Animal bioacoustics, often called simply bioacoustics, is the study of sound in non-human animals. It includes within its scope: animal communication and associated behavior, sound production anatomy and neurophysiology of animals, auditory capacities and auditory mechanisms of animals and instrumental sonar: use in population assessment, identification, and behavior effects of human-made noise on animals 3. In other words, it is the study of sound in animals and the way they use sound to communicate. By recording and reviewing audio tapes, researchers are able to not only to identify a species but also to determine its movements, population densities, and evolutionary relationships. Such knowledge aids ecologists and conservationists as it furthers the understanding of how animals communicate, survive, and respond to human encroachment7. Several universities and governments have programs and projects that study Bioacoustics, but most deal with the study of underwater sound. As man has expanded his grasp on the way the world works, it has become increasingly harder to study animals in their natural habitat with out the interference of a human produced noise. Given the vast amount of water on earth, and the availability of undisturbed habitat, it is much more practical to research ocean life and the sounds they make. It is also convenient for university and government projects to work together in joint studies to benefit the range of knowledge for Bioacoustics, but to also test and develop new technologies for civilian and military use. Despite the fact that most of these studies deal with underwater projects, a great number of studies that involve the use of echolocation in bats, insects and a few terrestrial animals like the shrew.
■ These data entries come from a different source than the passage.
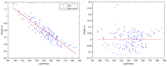 Lightness vs. true depth relationship for a subset of matched points (the same as that used in Figure 7). Left: local average pixel lightness vs. true depth (10 cm baseline); the red line represents the lightness to depth transformation—it is deduced from Equation (2). Right: the residuals of the depth estimation from lightness vs. true depth.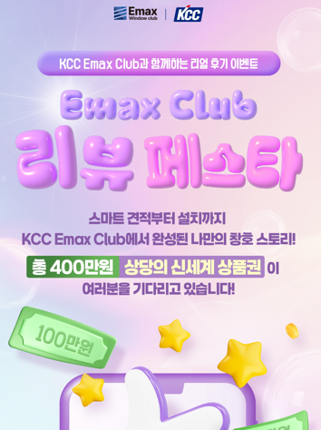 KCC는 올해 12월 31일까지 이맥스 클럽 홈페이지에 회원가입 후 스마트견적을 통해 시공까지 완료하고 후기를 작성한 고객을 대상으로 총 400만원 상당의 신세계 상품권을 증정하는 ‘리뷰페스타’ 이벤트를 실시한다.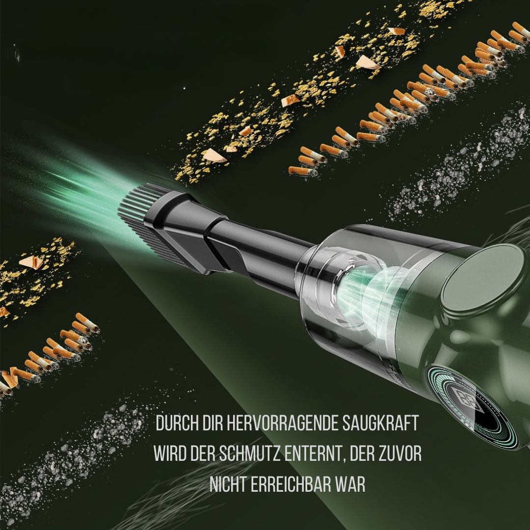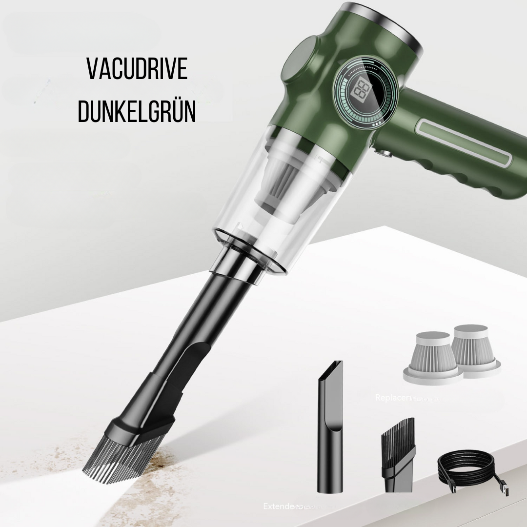 Mit dem leistungsstarken, drahtlosen VacuDrive säuberst Du dein Auto in wenigen Minuten, ohne lästiges Kabelwirrwarr. Der langlebige Akku hält bei voller Laufleistung bis zu 15 Minuten, sodass Du Zeit genug hast, um jeden Winkel deines Fahrzeugs gründlich zu reinigen. Dank seiner kompakten Größe findet dieses Gerät problemlos einen Platz in deinem Auto und ist immer griffbereit. Die einfache Bedienung macht die Nutzung zum Kinderspiel – nur einschalten und loslegen. Verwandel dein Auto im Handumdrehen in eine saubere Wohlfühloase mit dem VacuDrive!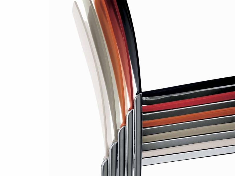 The Jazz chair from the Italian manufacturer Alivar. The frame is made of aluminum. Backrest and seat made of glossy synthetic material. The choice of color in stock.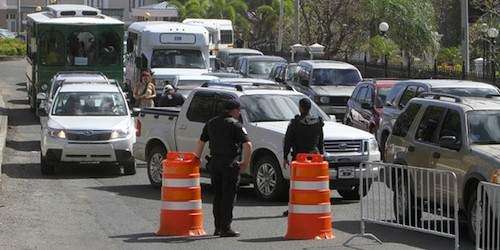 El plan contemplaba el registro de las personas usando paletas electrónicas así como el registro de bolsas y mochilas. El miércoles, el municipio puso vallas en las calles como parte del proceso de instalar los 10 puntos de cotejo.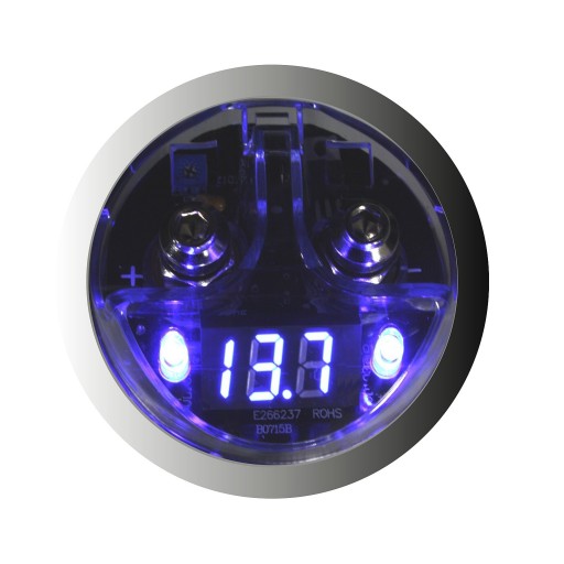 - Woltomierz z 3-cyfrowym niebieskim wyświetlaczem LED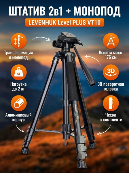 Штатив Levenhuk Level PLUS VT10 - Преимущества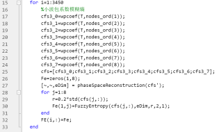 2.3小波包模糊熵(WPFE)的提取。1948年,香农把“熵”的概念引入到信息论中,提出了香农熵。随着信息熵的概念被推广和广泛使用,用于分析时间序列复杂度的各种熵也被提出。2007年,Chen等人在样本熵的基础上通过引入一种指数函数——模糊隶属度函数,得到了改进的样本熵,即模糊熵。本次设计基于小波包变换,对3层变换后各节点的系数计算模糊熵,归一化后,每个样本可提取一个包含8个小波包模糊熵的频率序列特征。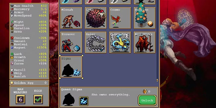 Nếu đã bắt đầu với Collection đầy đủ, người chơi có thể cần phải chơi trước và sau đó thoát khỏi màn chơi để Queen Sigma xuất hiện trong quá trình chọn nhân vật. Người chơi không cần tốn vàng để mở khóa Sigma trong màn hình chọn nhân vật.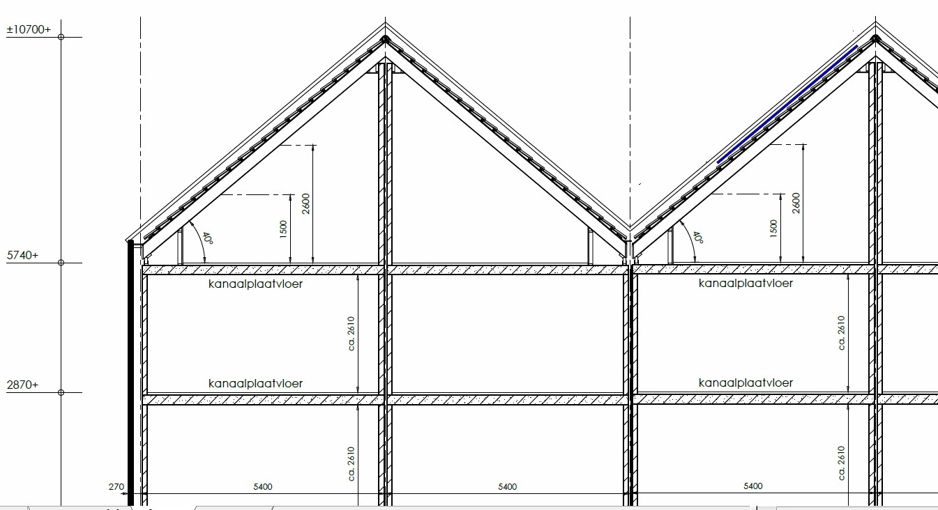 dus de hoogte van nok naar dakgoot en de hoogte van nok naar inpandig balkon, de breedte is geen probleem

The study of Bioacoustics began in the early to mid 20th century when recording technology became more broadly available to scientists and the archiving of animal sounds began. The Acoustical Society of America (ASA) was founded in 1929 to increase and diffuse the knowledge of acoustics and promote its practical applications. A wide variety of organizations including public and private, have initiated archives of animal sounds that continue to help us understand animals and their means of communicating. The sound archives have actually helped to locate species that were thought to be extinct. In 1935, Cornell University ornithologists Arthur A. Allen and Peter Paul Kellogg made the only known recording of the ivory-billed woodpecker. Four decades later, the bird, which is now thought to be extinct in North America, was rediscovered in Cuba with the aid of that recording7.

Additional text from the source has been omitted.